*What you will do:*
In the copy, keep every line below as it is and leave out the pictures.
※
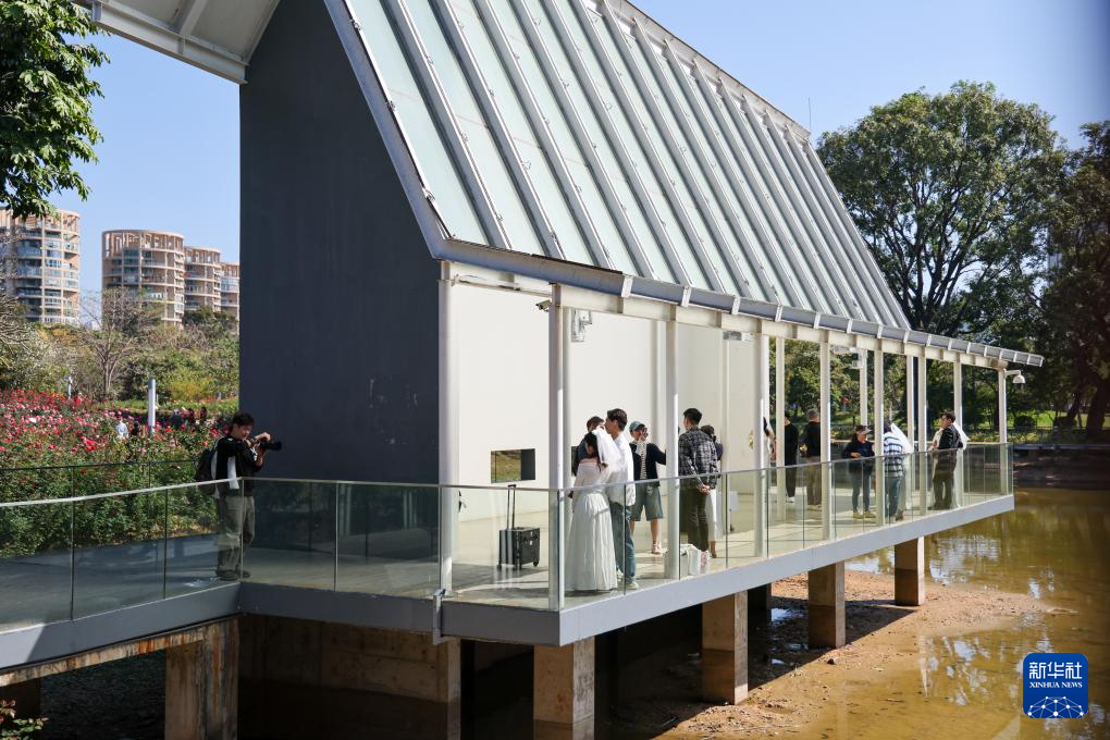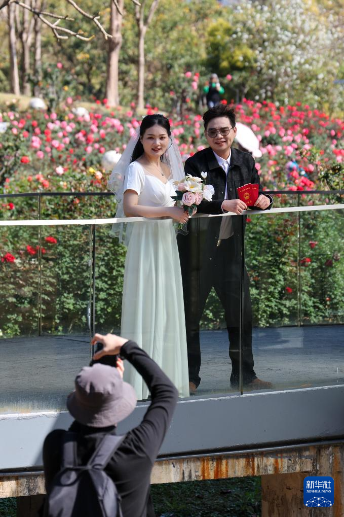 2月14日,在位于深圳市福田区香蜜公园内的婚姻登记处,新人在花园里拍照留念。
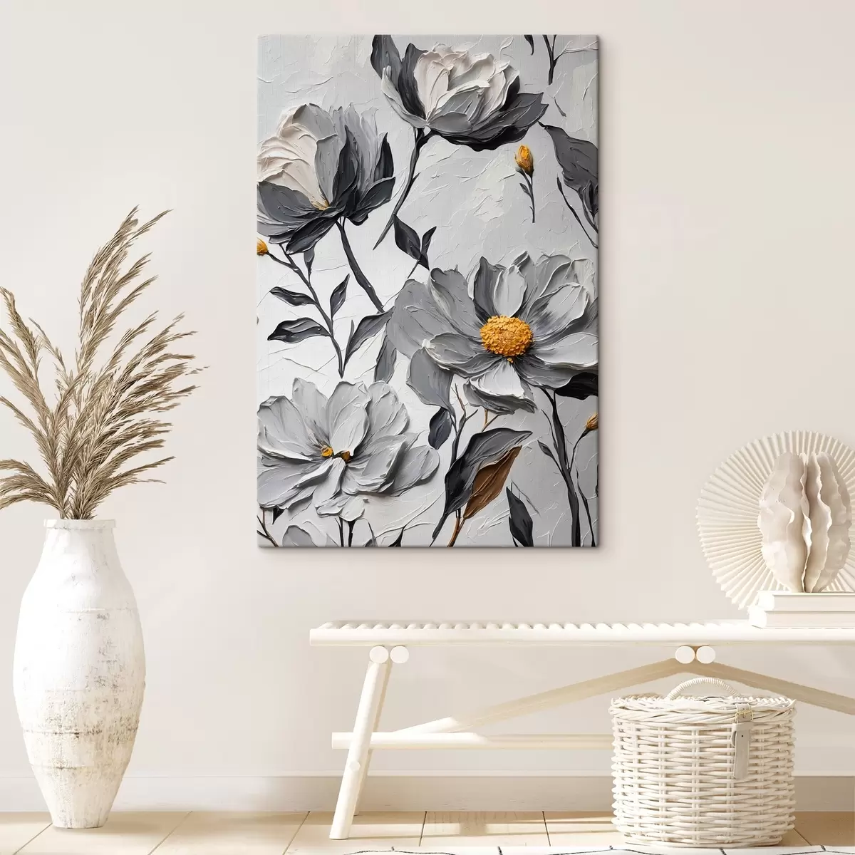 Tableau Fleurs grises sur fond gris dans le style de la peinture à l'huile s44080
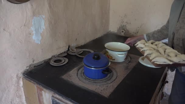 Velha Mulher Mãos Coloque Bolinhos Com Coalhada Em Panela No Fogo
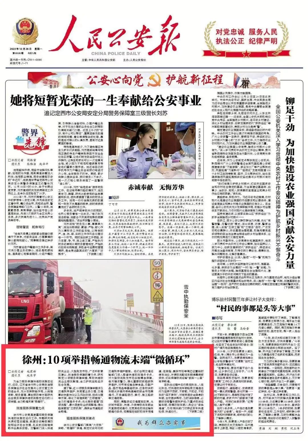 严格落实保障物流畅通、促进产业链供应链稳定工作要求,对重点物资运输车辆,实行交管业务“特事特办”、开通专门窗口,提供集中办理、上门办理、延时办理等服务。同时,开设重点物资运输“绿色通道”,协助相关部门对持证货车快速检疫、快速放行,最大限度保障通行便利。
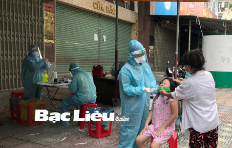 Trung tâm Kiểm soát bệnh tật tỉnh lấy mẫu xét nghiệm tầm soát COVID-19 cho trẻ em trên địa bàn Phường 3 (TP. Bạc Liêu).
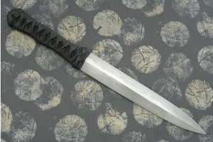 Description: The black ray skin creates a stealthy look to this 9" Japanese influenced dagger. The resin impregnated wrap and ray skin create an excellent grip in the hand. The hamon is the result of the traditional Japanese method of clay tempering which retains the resilience of the spine while hardening the edges for superior sharpness. Steve's knives are well tested in the field and are extremely well executed.
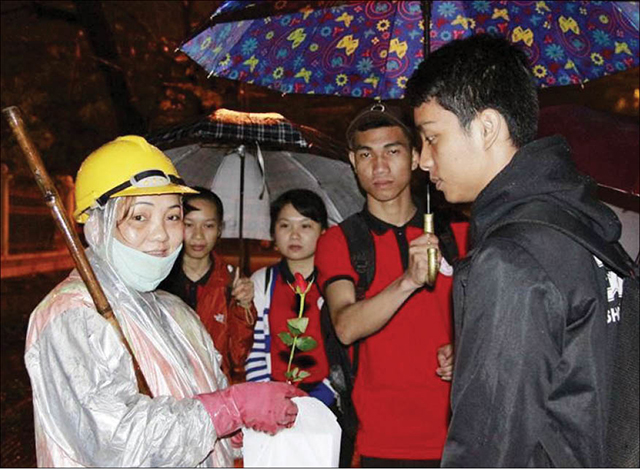 .Các bạn sinh viên tặng hoa cho phụ nữ nghèo nhân Ngày Quốc tế Phụ nữ 8/3 năm ngoái.Ảnh: ĐỘI CTXH TRƯỜNG ĐHKH HUẾ
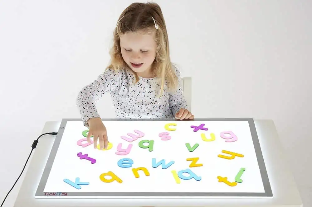 Lerne lesen und schreiben mit den Buchstaben in Regenbogenfarben. A3 Light Panel separat erhältlich.
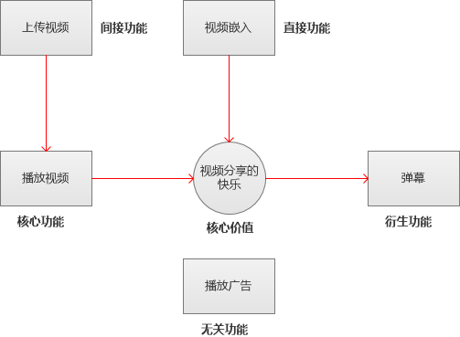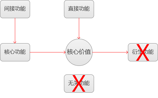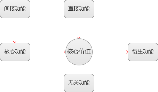 围绕核心价值我们所产出的功能可以分为四个类别:核心功能、直接功能、衍生功能、无关功能。举个例子:
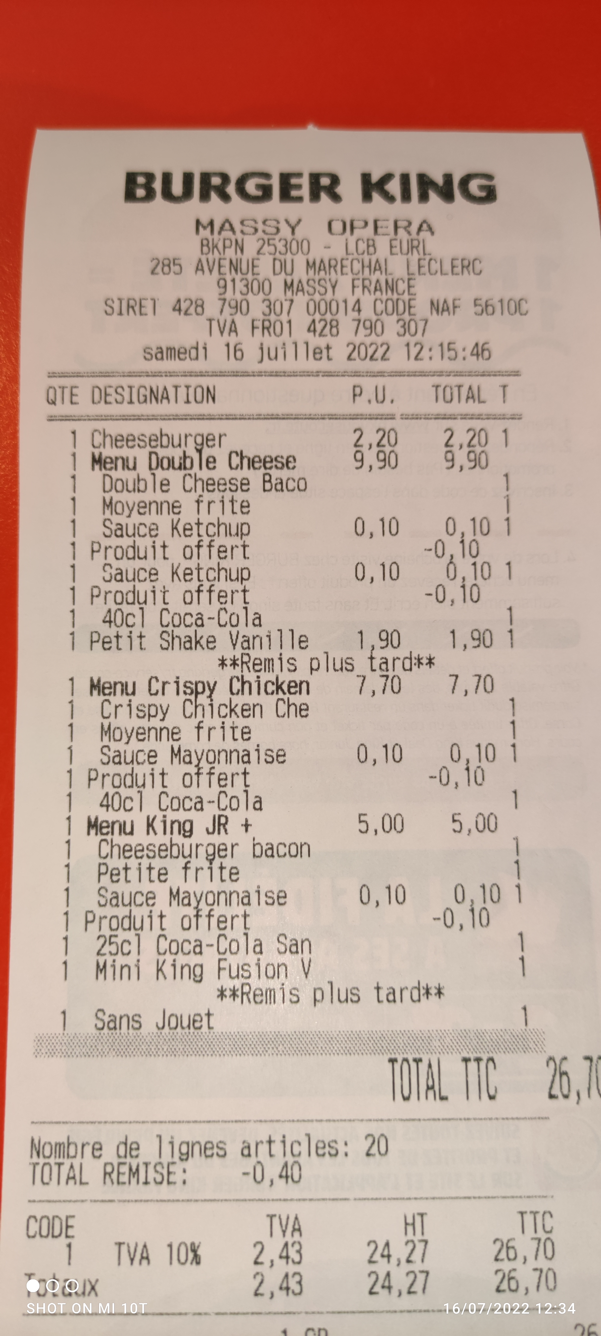 Edit décembre : Ça continue. Si vous commandez au drive après 22h vous rentrez chez vous et avez des sandwichs surprises ! Dans mon papier de Big King j'ai.... Un chicken Louisiane 🤬🤬🤬 De plus en plus d'oublis ou d'erreurs dans les commandes au drive. Et en plus cette fois-ci les frites étaient recuites et dures...
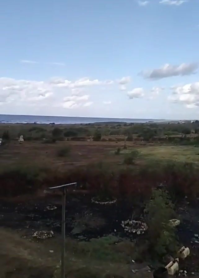 landscape with a view of the ocean. The foreground features a grassy area with some shrubbery and a paved walkway. There is some evidence of burnt areas, possibly from controlled fires. The background reveals the ocean under a partly cloudy sky. The ocean is visible as a horizon line. Overall, the video appears to be a natural, outdoor scene.
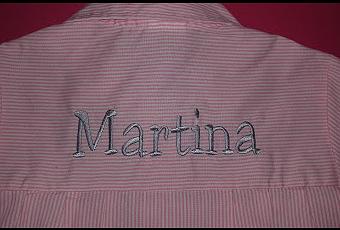El nombre, grandecito en gris, a la espalda del babi...
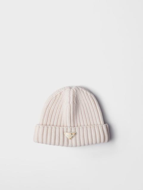 This soft, warm melange wool beanie is decorated with the emblematic geometric shape of the enameled metal triangle logo. - Product code: 1HC390_2DZL_F0002 - Enameled metal triangle logo - Imported MATERIALS Main material: Virgin wool
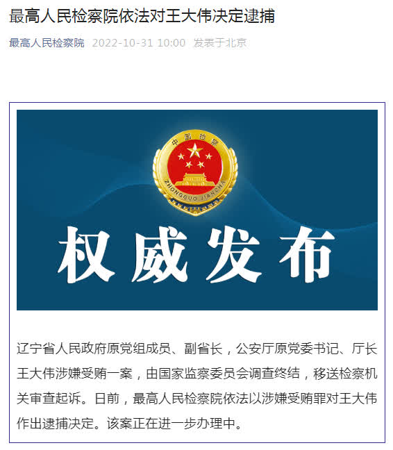 據最高人民檢察院微信公眾號消息,遼寧省人民政府原黨組成員、副省長,公安廳原黨委書記、廳長王大偉涉嫌受賄一案,由國家監察委員會調查終結,移送檢察機關審查起訴。日前,最高人民檢察院依法以涉嫌受賄罪對王大偉作出逮捕決定。該案正在進一步辦理中。
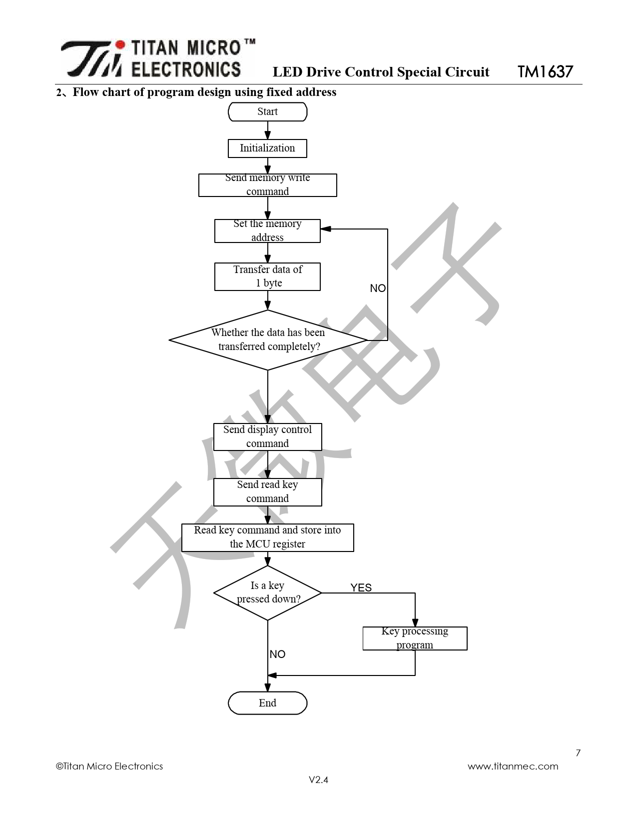 Start Initialization Send memory write command Set the memory address Transfer data of 1 byte NO Whether the data has been transferred completely? Send display control command Send read key command Read key command and store into the MCU register Is a key YES pressed down? Key processing program NO End 7 ©Titan Micro Electronics www.titanmec.com V2.4
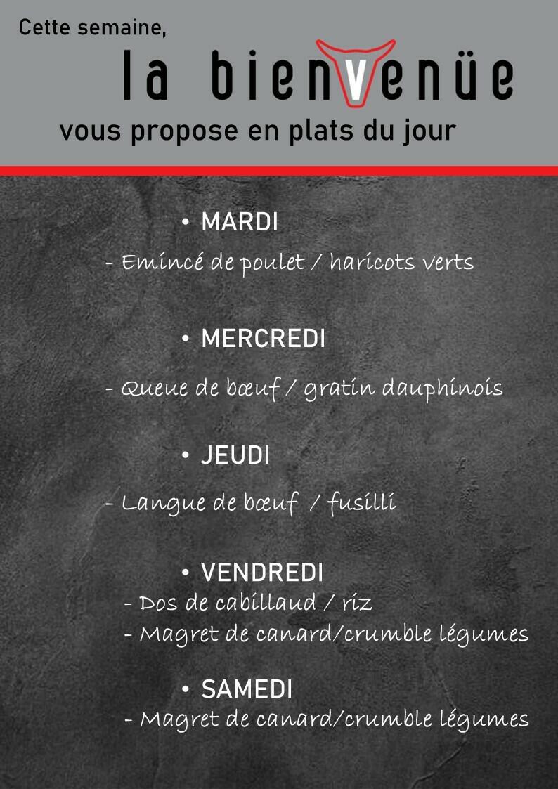 La Bienvenūe 19/2/26 Les plats à emporter de la semaine et les dates de fermeture. Source : Mairie d'Uzel-près-l'Oust
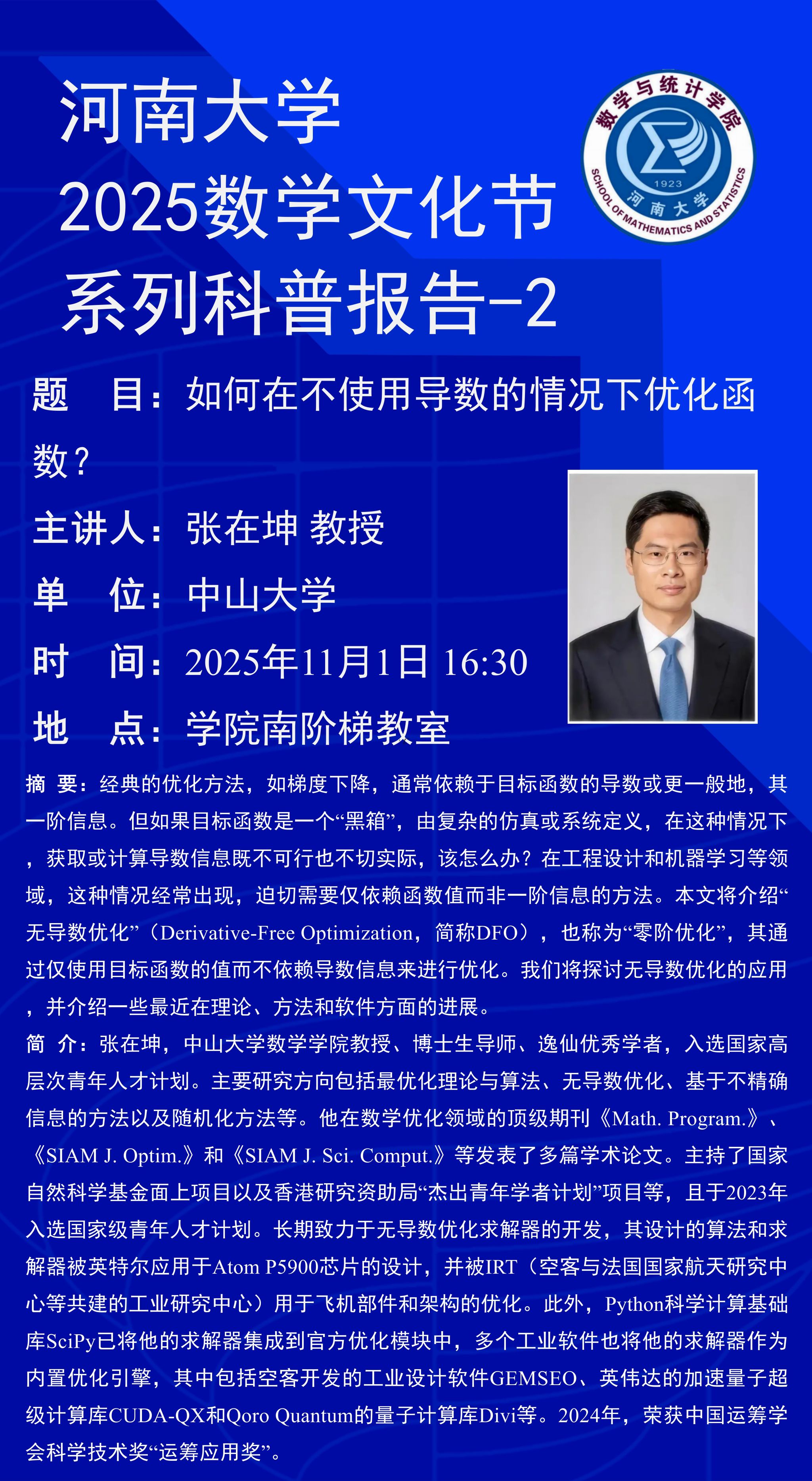 张在坤:如何在不使用导数的情况下优化函数?(时间:11月1日)
※
*Solution for this task:*
 2月14日,在位于深圳市福田区香蜜公园内的婚姻登记处,新人在花园里拍照留念。
 Tableau Fleurs grises sur fond gris dans le style de la peinture à l'huile s44080
 Velha Mulher Mãos Coloque Bolinhos Com Coalhada Em Panela No Fogo
 严格落实保障物流畅通、促进产业链供应链稳定工作要求,对重点物资运输车辆,实行交管业务“特事特办”、开通专门窗口,提供集中办理、上门办理、延时办理等服务。同时,开设重点物资运输“绿色通道”,协助相关部门对持证货车快速检疫、快速放行,最大限度保障通行便利。
 Trung tâm Kiểm soát bệnh tật tỉnh lấy mẫu xét nghiệm tầm soát COVID-19 cho trẻ em trên địa bàn Phường 3 (TP. Bạc Liêu).
 Description: The black ray skin creates a stealthy look to this 9" Japanese influenced dagger. The resin impregnated wrap and ray skin create an excellent grip in the hand. The hamon is the result of the traditional Japanese method of clay tempering which retains the resilience of the spine while hardening the edges for superior sharpness. Steve's knives are well tested in the field and are extremely well executed.
 .Các bạn sinh viên tặng hoa cho phụ nữ nghèo nhân Ngày Quốc tế Phụ nữ 8/3 năm ngoái.Ảnh: ĐỘI CTXH TRƯỜNG ĐHKH HUẾ
 Lerne lesen und schreiben mit den Buchstaben in Regenbogenfarben. A3 Light Panel separat erhältlich.
 围绕核心价值我们所产出的功能可以分为四个类别:核心功能、直接功能、衍生功能、无关功能。举个例子:
 Edit décembre : Ça continue. Si vous commandez au drive après 22h vous rentrez chez vous et avez des sandwichs surprises ! Dans mon papier de Big King j'ai.... Un chicken Louisiane 🤬🤬🤬 De plus en plus d'oublis ou d'erreurs dans les commandes au drive. Et en plus cette fois-ci les frites étaient recuites et dures...
 landscape with a view of the ocean. The foreground features a grassy area with some shrubbery and a paved walkway. There is some evidence of burnt areas, possibly from controlled fires. The background reveals the ocean under a partly cloudy sky. The ocean is visible as a horizon line. Overall, the video appears to be a natural, outdoor scene.
El nombre, grandecito en gris, a la espalda del babi...
 This soft, warm melange wool beanie is decorated with the emblematic geometric shape of the enameled metal triangle logo. - Product code: 1HC390_2DZL_F0002 - Enameled metal triangle logo - Imported MATERIALS Main material: Virgin wool
 據最高人民檢察院微信公眾號消息,遼寧省人民政府原黨組成員、副省長,公安廳原黨委書記、廳長王大偉涉嫌受賄一案,由國家監察委員會調查終結,移送檢察機關審查起訴。日前,最高人民檢察院依法以涉嫌受賄罪對王大偉作出逮捕決定。該案正在進一步辦理中。
 Start Initialization Send memory write command Set the memory address Transfer data of 1 byte NO Whether the data has been transferred completely? Send display control command Send read key command Read key command and store into the MCU register Is a key YES pressed down? Key processing program NO End 7 ©Titan Micro Electronics www.titanmec.com V2.4
 La Bienvenūe 19/2/26 Les plats à emporter de la semaine et les dates de fermeture. Source : Mairie d'Uzel-près-l'Oust
 张在坤:如何在不使用导数的情况下优化函数?(时间:11月1日)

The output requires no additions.